万古焼の魅力は、その多様性と機能性にあります。耐熱性に優れ、土鍋や急須など実用的な器が豊富に揃っているため、日々の食卓で活躍します。また、伝統に縛られず、常に新しい技術やデザインを取り入れ、時代に合わせて変化し続けている点も大きな魅力です。

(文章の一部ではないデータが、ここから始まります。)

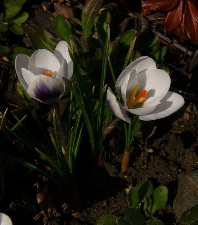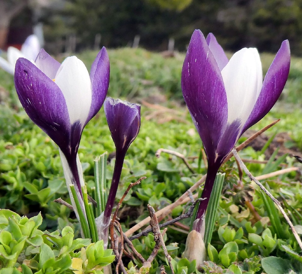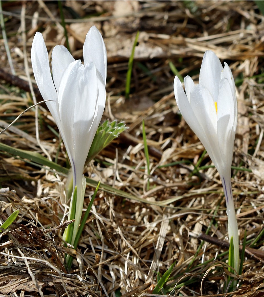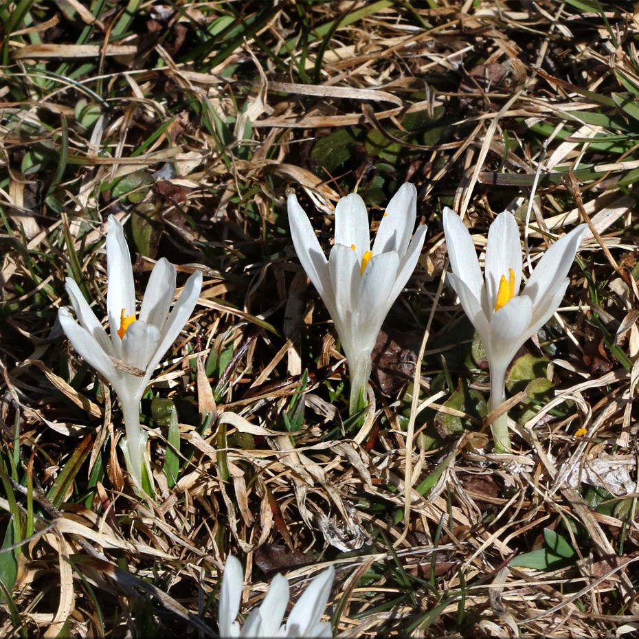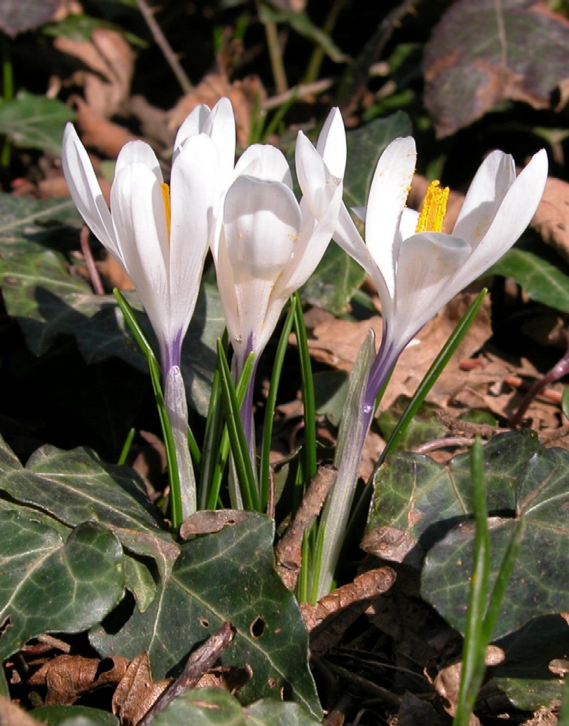 Crocus - Frühjahrsblüher, Blüten überwiegend weiß, Schlund weiß oder violett, Narbe mit 3 Ästen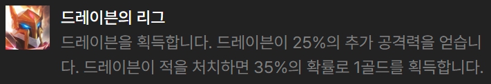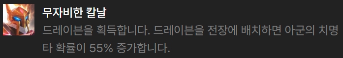 영웅 증강체로는 드레이븐의 리그(드레이븐), 무자비한 칼날(드레이븐)을 추천드립니다.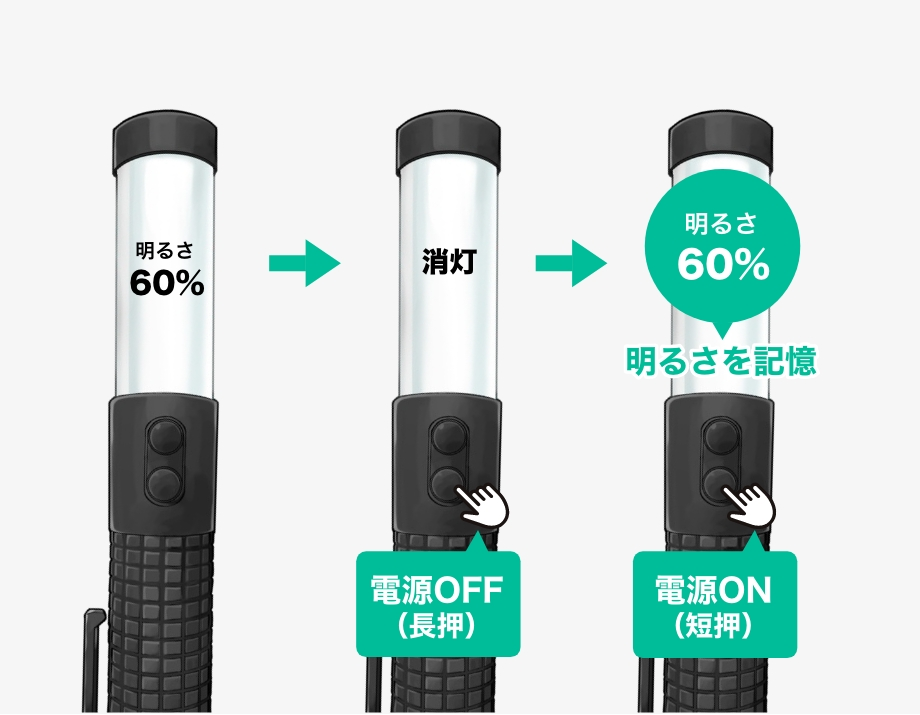 電源を切っても前回使用した明るさを記憶し調光の手間を省きます。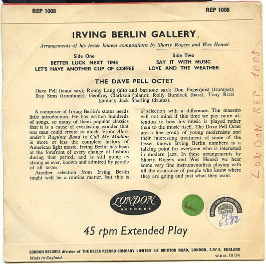 Dave Pell Octet - Irving Berlin Gallery - UK 7" 1954 - VG+Regular price £5.00 GBPRegular priceUnit price / per-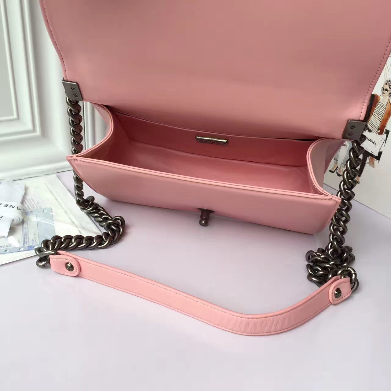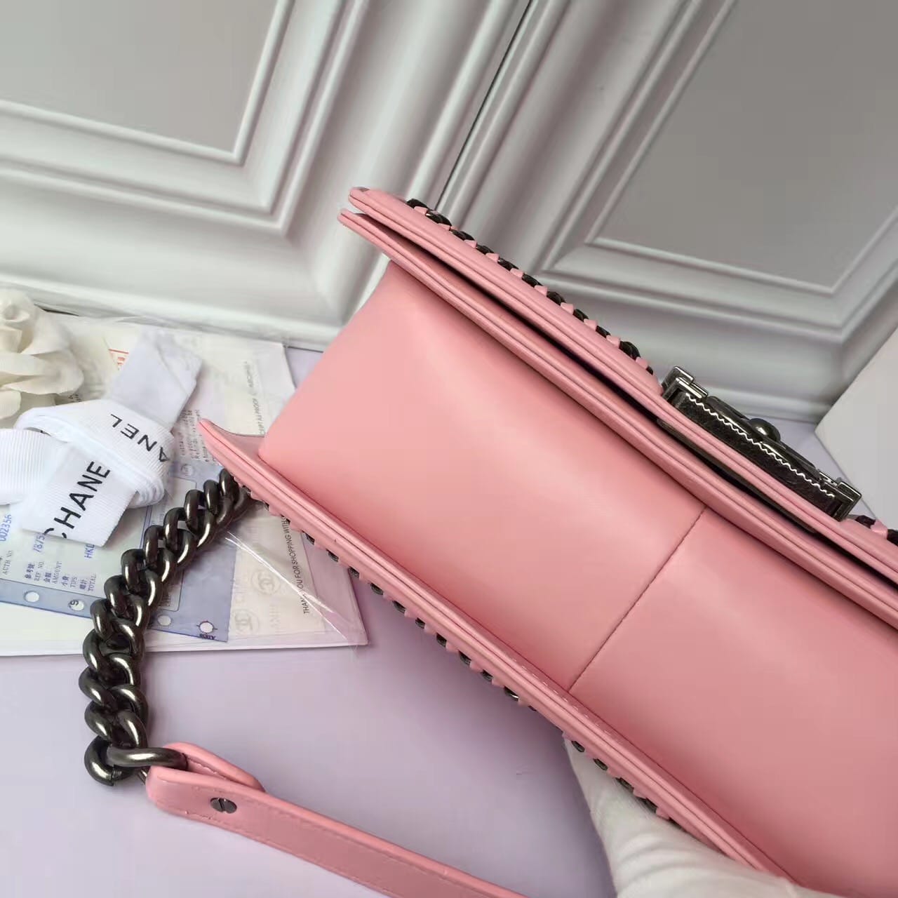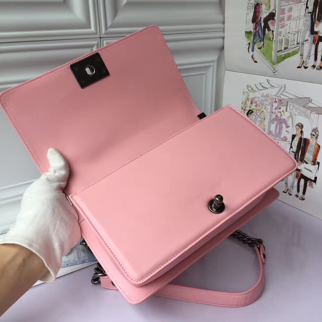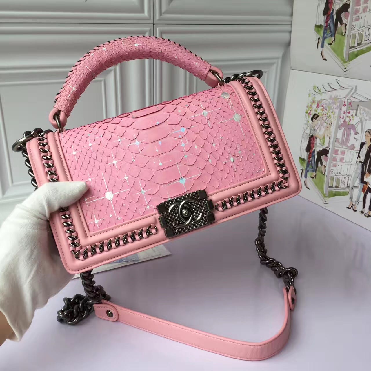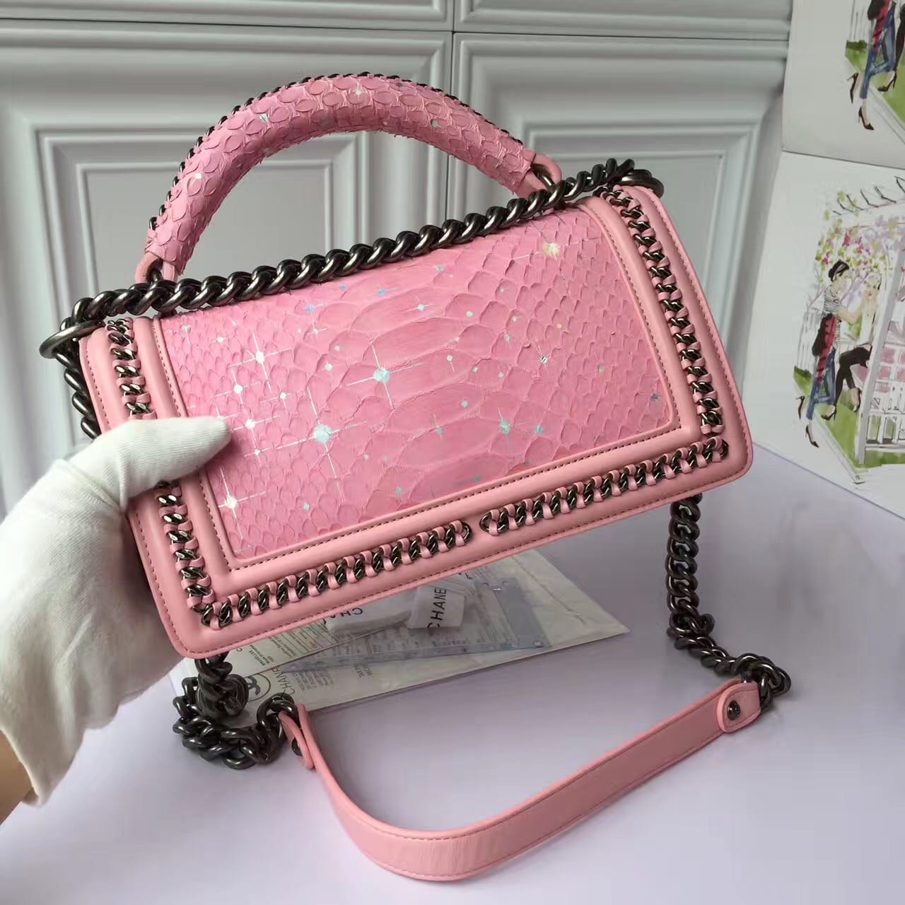 香奈儿 粉色女士穿孔 涂鸦女士斜挎包

使うほどに愛着が湧く、温かみのある風合いも、多くの人々を惹きつけてやみません。
まとめ
- 万古焼の正しい読み方は「ばんこやき」です。
- 名前の由来は、江戸時代の沼波弄山が作品に押した「万古不易」の印にあります。
- 万古焼は三重県四日市市を中心に生産される伝統工芸品です。
- 約300年の歴史を持ち、弄山による「古万古」から現代まで発展してきました。
- 最大の特徴は、ペタライト配合による優れた耐熱性です。
- 国内の土鍋生産量の約8割を万古焼が占めています。
- 土鍋は直火、オーブン、電子レンジ、IH対応のものもあります。
- 紫泥急須は、お茶の渋みをまろやかにし、旨みを引き出す効果があります。
- 食器や花器など、多様な種類の器が作られています。
- 初めて使う土鍋には「目止め」を行うと長持ちします。
- 使用後は柔らかいスポンジで洗い、しっかりと乾燥させることが大切です。
- 万古焼は窯元や専門店、オンラインショップ、万古まつりなどで購入可能です。
- 陶器と磁器の中間的な性質を持つ半磁器に分類されます。
- 多様なデザインと機能性、そして温かみのある風合いが魅力です。
- 常に時代のニーズを捉え、新しいものづくりに挑戦し続けています。